Edit: This answer the case of embedded surface, which is different from the question above!
(Yes. Note that the normal bundle of $S$ in $M$ is an oriented 1-dimensional bundle, in a natural way (by "dividing" the orientation from $M$ by the orientation from $S$). This implies that its restriction to $\gamma$ is trivial, so you can choose a non-zero section $X$. Now you can define the isotopy $\gamma_s(t) = Exp_{\gamma(t)}(sX(t))$ for some choice of Riemannian metric say, and for $s$ in a small enough neighborhood of $0$ this gives you a disjoint isotopic curve.)
And now for the general case. In general I think that the answer is no. Consider for example the map $S^1 \times S^1 \to S^2$ of degree 1. It can be chosen smooth, e.g. by the standard $"(\theta,\phi)"$ parametrization of the 2-sphere. Now consider the map $S^1 \times S^1 \to S^1 \times S^2$ which is the product of this map with the identity.

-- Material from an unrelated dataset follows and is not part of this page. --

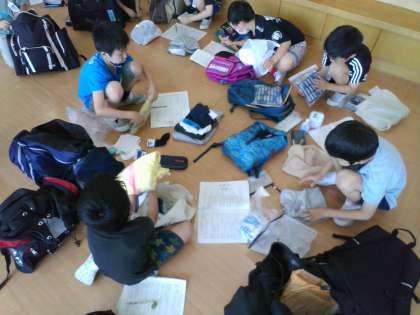 今日は宿泊学習の持ち物の荷物点検をしました。名前は書いてあるか、足りないものはないかなどを班ごとに確認しました。リーダーを中心に静かに素早く並ぶ子供たち。とても立派でした。

Let $\gamma$ denote the first coordinate circle in $S^1 \times S^1$. Then the image of $S^1 \times S^1$ in the homology of $S^1 \times S^2$ is $[\{0\} \times S^2]$ because of the assumption on the degree. But the image of $\gamma$ is is clearly $[S^1 \times \{0\}]$, it is really just a parametrization of a coordinare circle. So they intersect non-trivially by the intersection pairing on homology.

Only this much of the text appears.